Task -> In the listing that follows, locate the line containing "وكذلك حَكَى الشَّيْخُ" and the line containing "Collinstown; County of". Retype exactly those two lines and every line between them, and nothing more.

Data supplied ->
┌────────

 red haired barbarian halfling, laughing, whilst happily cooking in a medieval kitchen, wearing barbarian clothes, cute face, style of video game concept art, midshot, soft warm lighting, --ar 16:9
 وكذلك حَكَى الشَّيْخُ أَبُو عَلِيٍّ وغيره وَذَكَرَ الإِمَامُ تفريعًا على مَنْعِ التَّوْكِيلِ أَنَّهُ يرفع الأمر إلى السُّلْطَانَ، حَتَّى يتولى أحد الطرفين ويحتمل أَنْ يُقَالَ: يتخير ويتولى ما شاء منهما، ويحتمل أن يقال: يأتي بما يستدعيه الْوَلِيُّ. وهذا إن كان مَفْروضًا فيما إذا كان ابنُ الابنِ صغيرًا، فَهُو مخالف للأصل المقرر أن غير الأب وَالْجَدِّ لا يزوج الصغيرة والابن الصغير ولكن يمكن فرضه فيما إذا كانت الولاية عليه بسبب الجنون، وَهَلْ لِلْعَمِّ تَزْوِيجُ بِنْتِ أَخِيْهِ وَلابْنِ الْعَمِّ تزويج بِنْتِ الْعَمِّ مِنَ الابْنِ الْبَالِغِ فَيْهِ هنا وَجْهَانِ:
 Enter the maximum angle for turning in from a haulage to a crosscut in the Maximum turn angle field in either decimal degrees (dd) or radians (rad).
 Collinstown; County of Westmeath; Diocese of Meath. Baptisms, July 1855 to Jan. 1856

└────────
┌────────

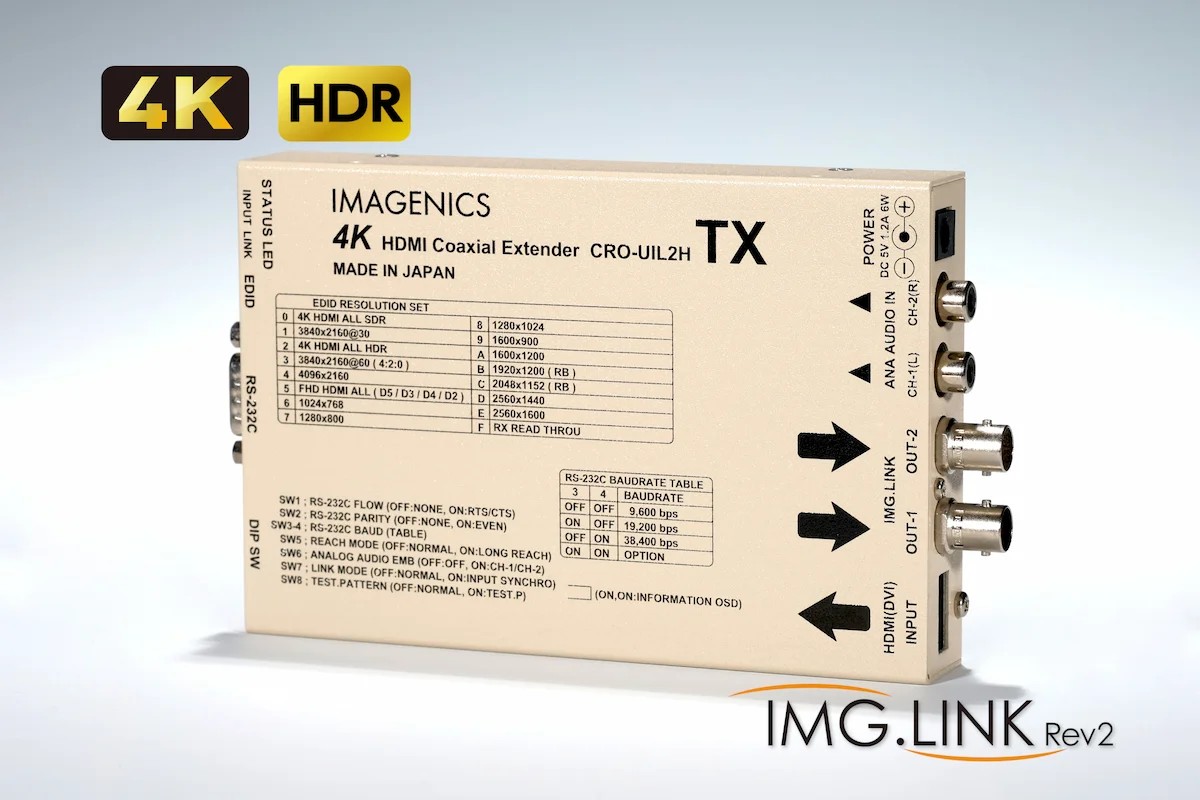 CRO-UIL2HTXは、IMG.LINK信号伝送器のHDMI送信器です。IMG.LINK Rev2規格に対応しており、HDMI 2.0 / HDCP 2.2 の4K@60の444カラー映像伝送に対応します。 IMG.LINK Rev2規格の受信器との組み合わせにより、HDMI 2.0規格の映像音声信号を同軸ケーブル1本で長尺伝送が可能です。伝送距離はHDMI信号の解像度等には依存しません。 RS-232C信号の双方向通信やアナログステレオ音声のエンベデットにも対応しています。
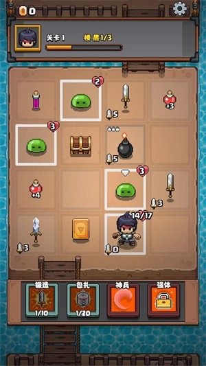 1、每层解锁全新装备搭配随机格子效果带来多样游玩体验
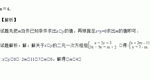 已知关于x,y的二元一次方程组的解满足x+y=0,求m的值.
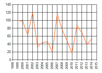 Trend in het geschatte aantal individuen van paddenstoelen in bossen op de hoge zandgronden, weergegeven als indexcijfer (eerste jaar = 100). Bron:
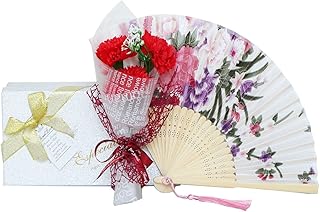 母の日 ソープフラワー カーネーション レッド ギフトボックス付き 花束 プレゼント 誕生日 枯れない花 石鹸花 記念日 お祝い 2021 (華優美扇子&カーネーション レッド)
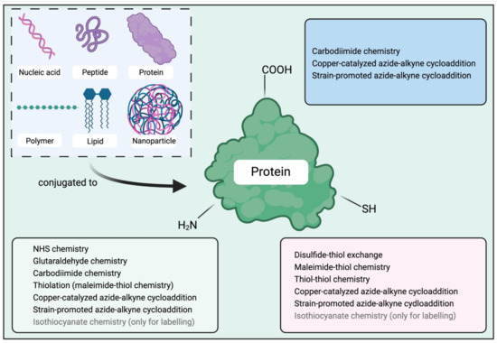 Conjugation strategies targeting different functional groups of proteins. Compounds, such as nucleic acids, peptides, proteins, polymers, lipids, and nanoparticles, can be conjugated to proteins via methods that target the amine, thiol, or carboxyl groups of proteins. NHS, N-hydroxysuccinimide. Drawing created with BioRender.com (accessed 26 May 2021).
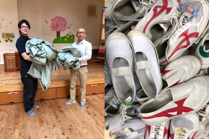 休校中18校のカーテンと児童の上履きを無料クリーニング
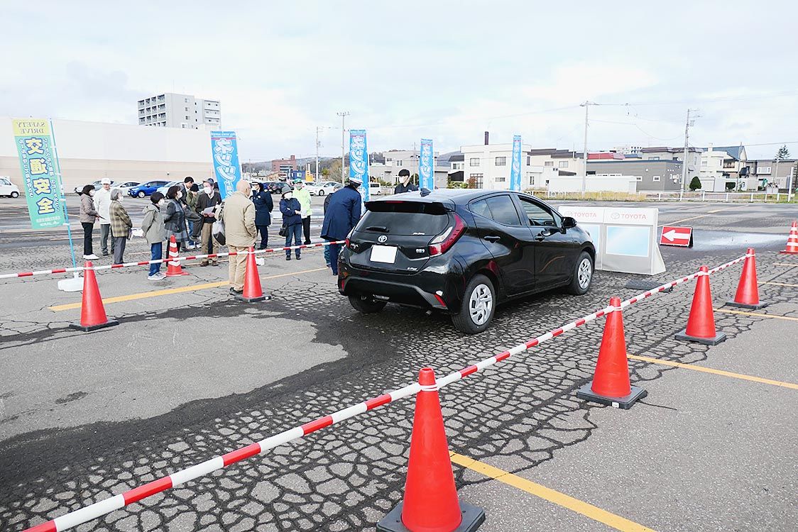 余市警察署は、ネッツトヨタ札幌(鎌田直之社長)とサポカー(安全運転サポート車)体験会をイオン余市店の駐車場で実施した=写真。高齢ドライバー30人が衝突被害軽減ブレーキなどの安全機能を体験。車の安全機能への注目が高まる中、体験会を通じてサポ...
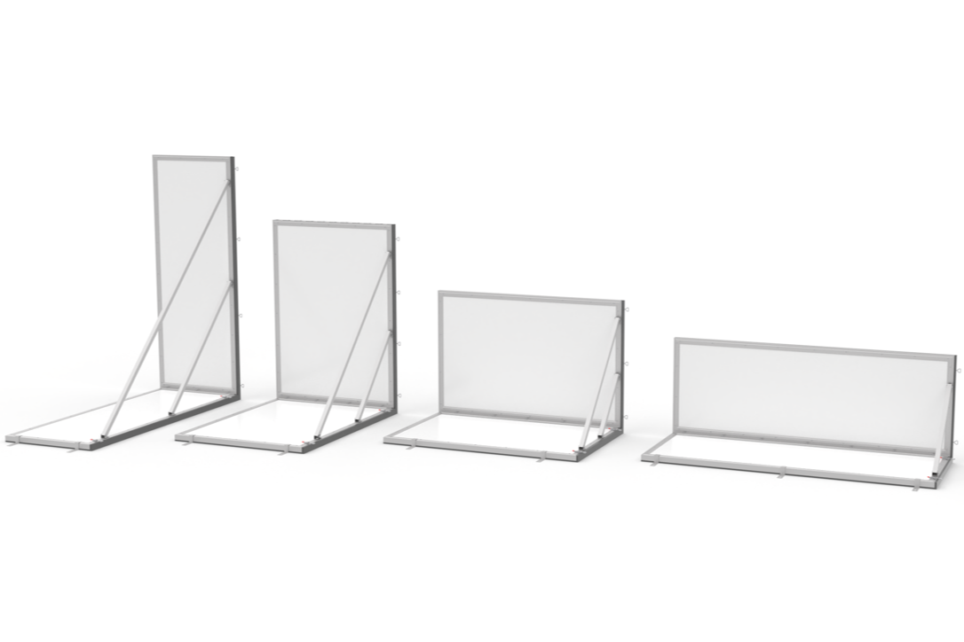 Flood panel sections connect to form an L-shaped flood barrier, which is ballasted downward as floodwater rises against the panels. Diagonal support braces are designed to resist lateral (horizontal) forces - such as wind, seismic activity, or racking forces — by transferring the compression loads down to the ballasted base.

└────────

Your response ->
 وكذلك حَكَى الشَّيْخُ أَبُو عَلِيٍّ وغيره وَذَكَرَ الإِمَامُ تفريعًا على مَنْعِ التَّوْكِيلِ أَنَّهُ يرفع الأمر إلى السُّلْطَانَ، حَتَّى يتولى أحد الطرفين ويحتمل أَنْ يُقَالَ: يتخير ويتولى ما شاء منهما، ويحتمل أن يقال: يأتي بما يستدعيه الْوَلِيُّ. وهذا إن كان مَفْروضًا فيما إذا كان ابنُ الابنِ صغيرًا، فَهُو مخالف للأصل المقرر أن غير الأب وَالْجَدِّ لا يزوج الصغيرة والابن الصغير ولكن يمكن فرضه فيما إذا كانت الولاية عليه بسبب الجنون، وَهَلْ لِلْعَمِّ تَزْوِيجُ بِنْتِ أَخِيْهِ وَلابْنِ الْعَمِّ تزويج بِنْتِ الْعَمِّ مِنَ الابْنِ الْبَالِغِ فَيْهِ هنا وَجْهَانِ:
 Enter the maximum angle for turning in from a haulage to a crosscut in the Maximum turn angle field in either decimal degrees (dd) or radians (rad).
 Collinstown; County of Westmeath; Diocese of Meath. Baptisms, July 1855 to Jan. 1856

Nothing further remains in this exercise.